Print the listing below again, exactly. Skip the pictures.

# Recorded information:

####

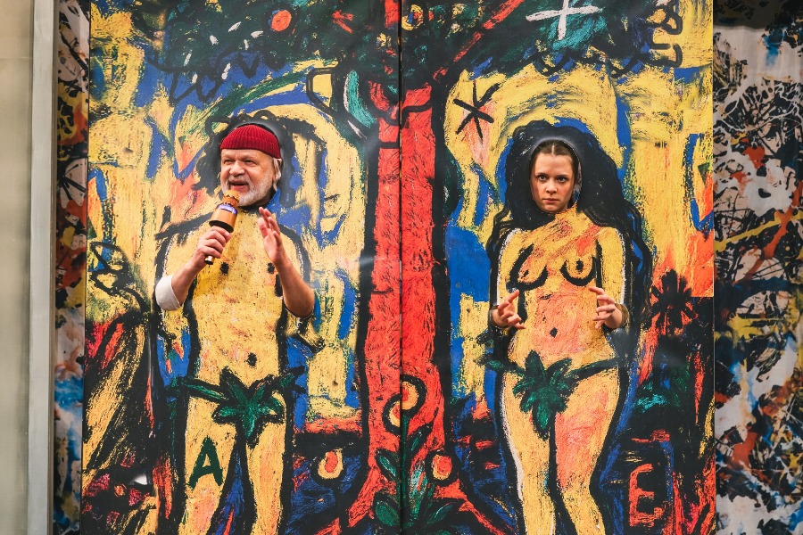 Babcia Eugenia (Anna Demczuk) nie ma nic z powagi i dobroduszności nestorki rodu, bo woli „rżnąć” w karty i dobrze się bawić. Stomil (Marek Kępiński) snuje się w hipisowskich stylówkach i realizuje kolejne, banalne performanse. Wyzwolona, a właściwie znudzona Eleonora (Małgorzata Machowska), by poczuć namiastkę ekscytacji, romansuje z prymitywnym chamem Edkiem (Stanisław Twaróg). Wuj Eugeniusz (Robert Chodur) to figura rodem PRL-u, perfekcyjny konformista, gdy trzeba konserwatysta, ale wystarczy zmiana wiatru historii i oto mamy gorliwego orędownika tępej, autorytarnej władzy. Nowe, lepsze ma nadejść z Arturem (Maciej Kokot), który niczym bohater romantyczny walczy o powrót świata wartości. Desperacko łaknie jakiejkolwiek idei. Ale w tym buncie przeciwko wykoślawionemu liberalizmowi więcej jest pozy niż działania. Jest jeszcze Ala (Joanna Sokołowska), najbardziej prawdziwa w tym towarzystwie, epatująca młodością i seksualnością, ale gruncie rzeczy postać tragiczna. W tym ultraliberalnym, a jednocześnie zatęchłym świecie cyfrowej przyszłości pragnie czegoś autentycznego, choćby miłości, ale happy endu nie będzie. Świetne są jej dialogi z Arturem, gdy on mówi rozbudowanymi zdaniami wielokrotnie złożonymi, a ona slangiem, który powstaje na styku Internetu, popkultury i mediów społecznościowych.
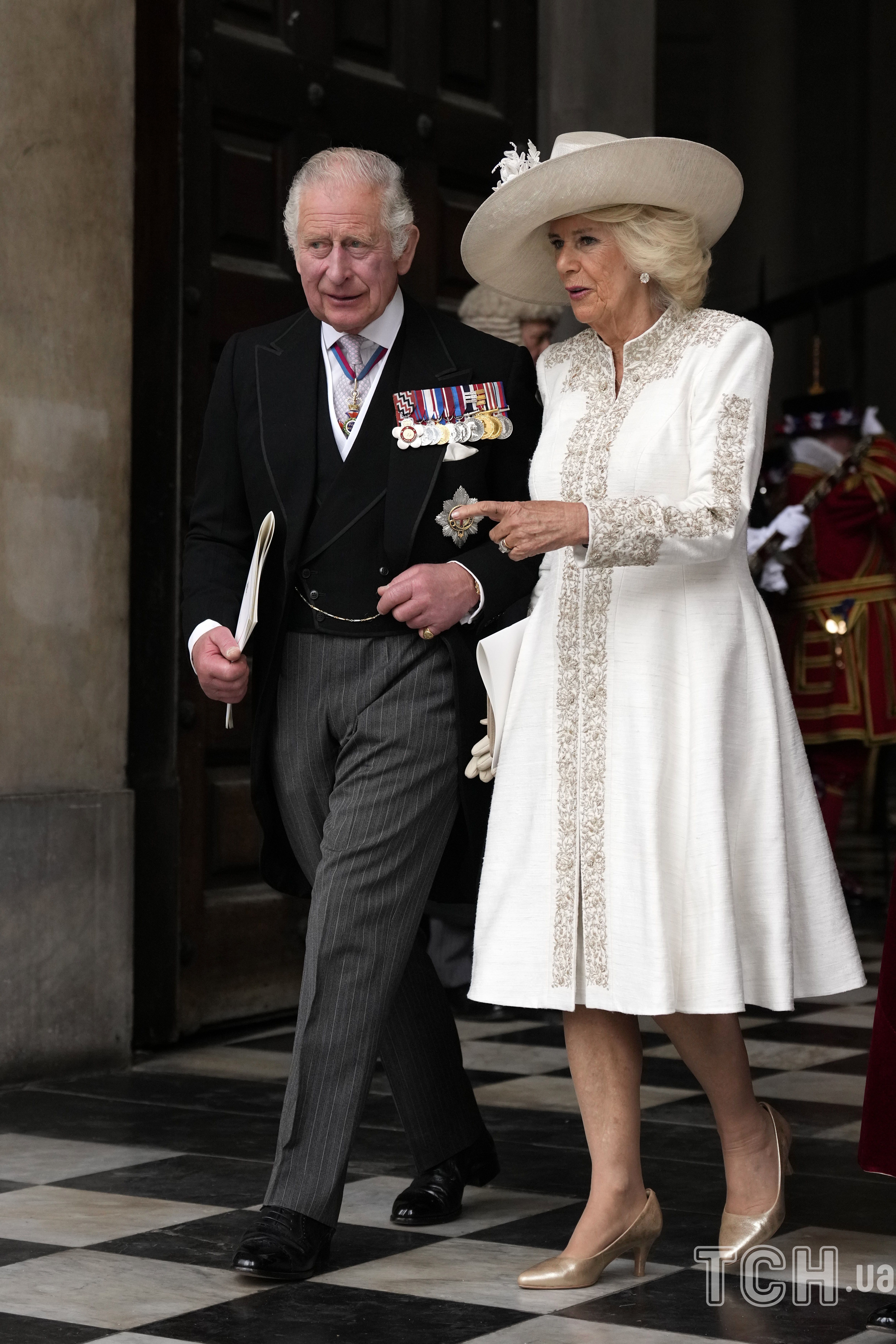 У сукні-пальті з вишивкою та перлинними човниками: дружина принца Чарльза Камілла на урочистій службі
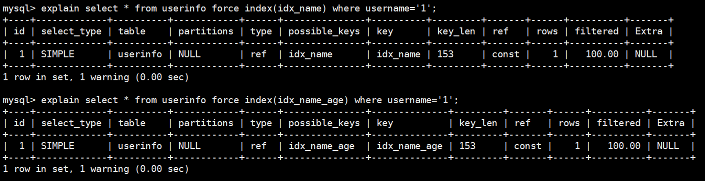 explain select * from userinfo force index(idx_name) where username='1';
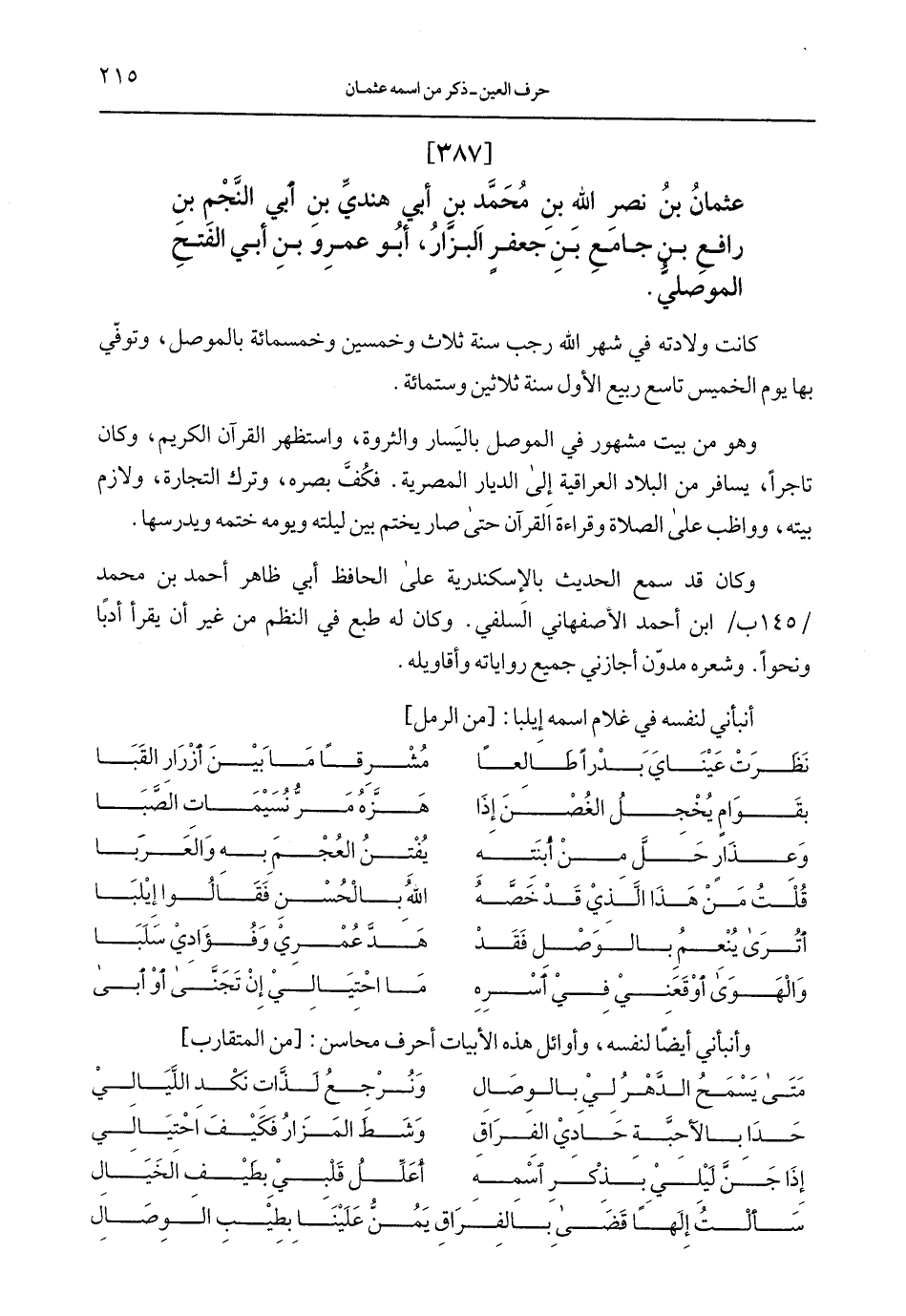 عثمان بن نصر الله بن محمد بن أبي هندي بن أبي النجم بن رافع بن جامع بن جعفر البزار، أبو عمرو بن أبي الفتح الموصلي.

####

# Exercise solution:
 Babcia Eugenia (Anna Demczuk) nie ma nic z powagi i dobroduszności nestorki rodu, bo woli „rżnąć” w karty i dobrze się bawić. Stomil (Marek Kępiński) snuje się w hipisowskich stylówkach i realizuje kolejne, banalne performanse. Wyzwolona, a właściwie znudzona Eleonora (Małgorzata Machowska), by poczuć namiastkę ekscytacji, romansuje z prymitywnym chamem Edkiem (Stanisław Twaróg). Wuj Eugeniusz (Robert Chodur) to figura rodem PRL-u, perfekcyjny konformista, gdy trzeba konserwatysta, ale wystarczy zmiana wiatru historii i oto mamy gorliwego orędownika tępej, autorytarnej władzy. Nowe, lepsze ma nadejść z Arturem (Maciej Kokot), który niczym bohater romantyczny walczy o powrót świata wartości. Desperacko łaknie jakiejkolwiek idei. Ale w tym buncie przeciwko wykoślawionemu liberalizmowi więcej jest pozy niż działania. Jest jeszcze Ala (Joanna Sokołowska), najbardziej prawdziwa w tym towarzystwie, epatująca młodością i seksualnością, ale gruncie rzeczy postać tragiczna. W tym ultraliberalnym, a jednocześnie zatęchłym świecie cyfrowej przyszłości pragnie czegoś autentycznego, choćby miłości, ale happy endu nie będzie. Świetne są jej dialogi z Arturem, gdy on mówi rozbudowanymi zdaniami wielokrotnie złożonymi, a ona slangiem, który powstaje na styku Internetu, popkultury i mediów społecznościowych.
 У сукні-пальті з вишивкою та перлинними човниками: дружина принца Чарльза Камілла на урочистій службі
 explain select * from userinfo force index(idx_name) where username='1';
 عثمان بن نصر الله بن محمد بن أبي هندي بن أبي النجم بن رافع بن جامع بن جعفر البزار، أبو عمرو بن أبي الفتح الموصلي.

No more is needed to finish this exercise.